THE DATA:
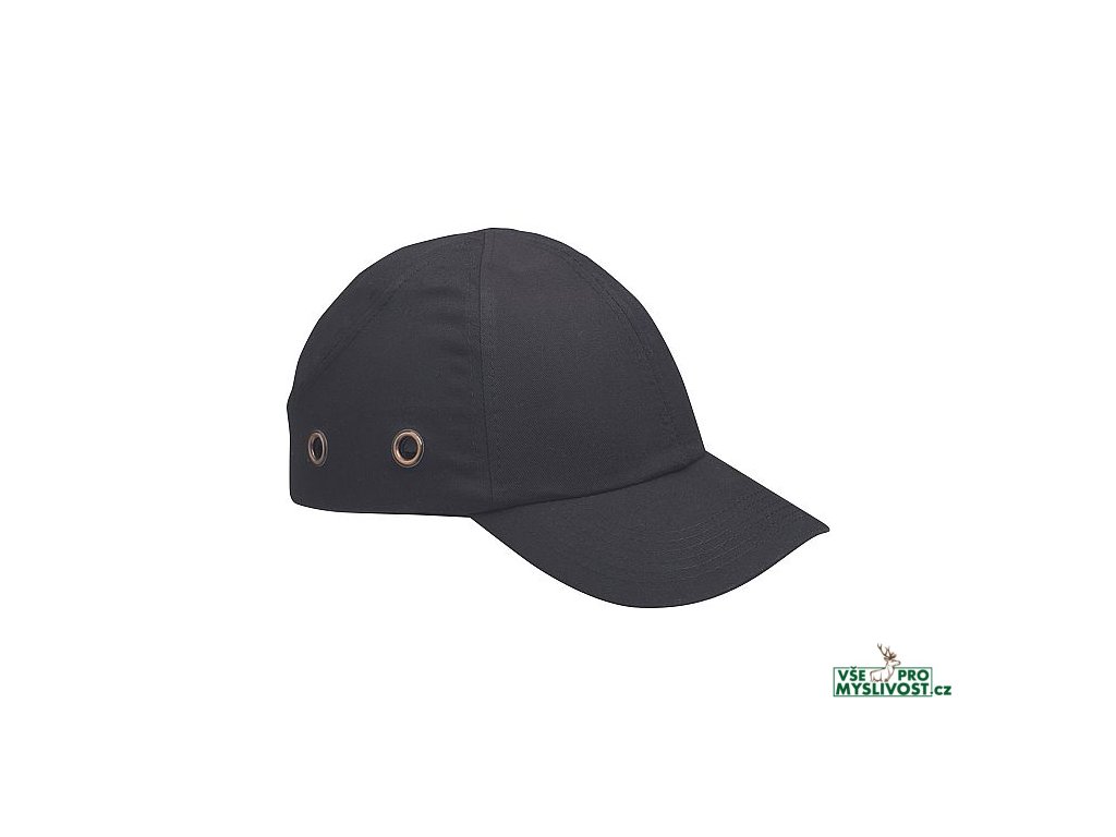 bavlněná čepice s pevným kšiltem, plastovou vnitřní výztuhou a možností nastavení velikosti pomocí suchého zipu; odpovídá normě EN 812.
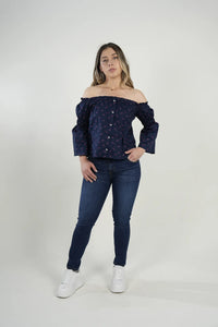 Una blusa fresca, femenina y diferente, perfecta para darle un toque especial a tus outfits. Su diseño off-shoulder con elástico ofrece un ajuste cómodo y estilizado, mientras que el estampado en tonos rosados aporta un detalle moderno y delicado. Ideal para días cálidos o looks casuales con estilo.
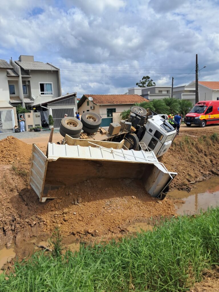 Canelinha – Um acidente envolvendo um caminhão da frota municipal de Canelinha mobilizou equipes de socorro na tarde desta terça-feira (17/03). O veículo tombou em uma vala na Rua Manoel Francisco Corrêa, na região central da cidade, por volta das 13h39.
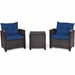 Pemberly Row 3PCS Patio Rattan Set Cushioned Conversation Set Sofa Navy
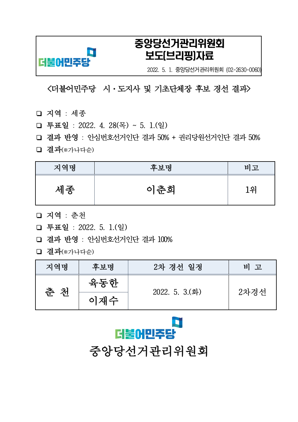 [보도자료]더불어민주당 세종·춘천 시도지사 후보 경선 결과

YOUR INSTRUCTIONS:
Your task is to retype, exactly and only, the lines from the line holding "Pemberly Row 3PCS" through the final line of the data above, with both ends kept. Drop the pictures.

SOLUTION BELOW:
 Pemberly Row 3PCS Patio Rattan Set Cushioned Conversation Set Sofa Navy
 [보도자료]더불어민주당 세종·춘천 시도지사 후보 경선 결과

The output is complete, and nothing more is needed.